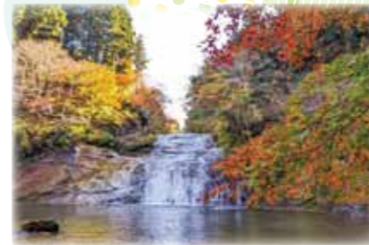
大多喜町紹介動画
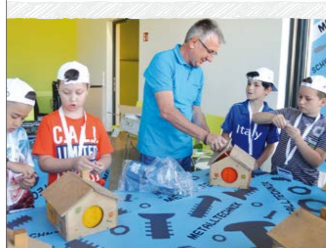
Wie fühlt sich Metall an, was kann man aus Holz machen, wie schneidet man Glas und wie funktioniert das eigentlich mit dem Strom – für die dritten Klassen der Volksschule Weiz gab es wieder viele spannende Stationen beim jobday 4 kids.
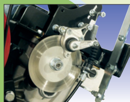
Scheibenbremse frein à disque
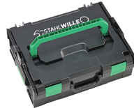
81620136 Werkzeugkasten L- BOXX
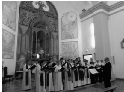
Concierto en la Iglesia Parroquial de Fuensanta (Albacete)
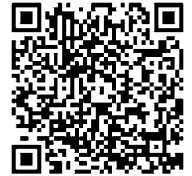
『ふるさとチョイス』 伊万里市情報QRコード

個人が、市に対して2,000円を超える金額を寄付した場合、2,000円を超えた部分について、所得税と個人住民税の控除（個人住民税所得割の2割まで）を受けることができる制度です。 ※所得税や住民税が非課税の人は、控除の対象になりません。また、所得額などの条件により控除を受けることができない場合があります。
...
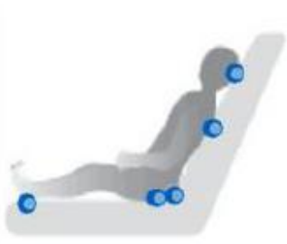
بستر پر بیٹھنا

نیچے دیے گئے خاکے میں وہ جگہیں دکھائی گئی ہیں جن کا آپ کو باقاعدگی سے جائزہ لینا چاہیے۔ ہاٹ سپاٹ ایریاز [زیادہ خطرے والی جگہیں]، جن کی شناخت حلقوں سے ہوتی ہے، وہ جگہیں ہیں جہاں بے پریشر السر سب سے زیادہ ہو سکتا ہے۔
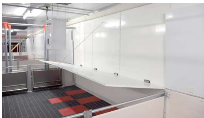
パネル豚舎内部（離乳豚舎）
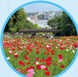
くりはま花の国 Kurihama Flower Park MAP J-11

→ **Exercise brief**
Copy everything above from the line holding "بستر پر بیٹھنا" down to the line holding "くりはま花の国 Kurihama Flower Park MAP J-11", both ends included, exactly as it stands and without the pictures.

→ **Exercise output**
بستر پر بیٹھنا

نیچے دیے گئے خاکے میں وہ جگہیں دکھائی گئی ہیں جن کا آپ کو باقاعدگی سے جائزہ لینا چاہیے۔ ہاٹ سپاٹ ایریاز [زیادہ خطرے والی جگہیں]، جن کی شناخت حلقوں سے ہوتی ہے، وہ جگہیں ہیں جہاں بے پریشر السر سب سے زیادہ ہو سکتا ہے۔
パネル豚舎内部（離乳豚舎）
くりはま花の国 Kurihama Flower Park MAP J-11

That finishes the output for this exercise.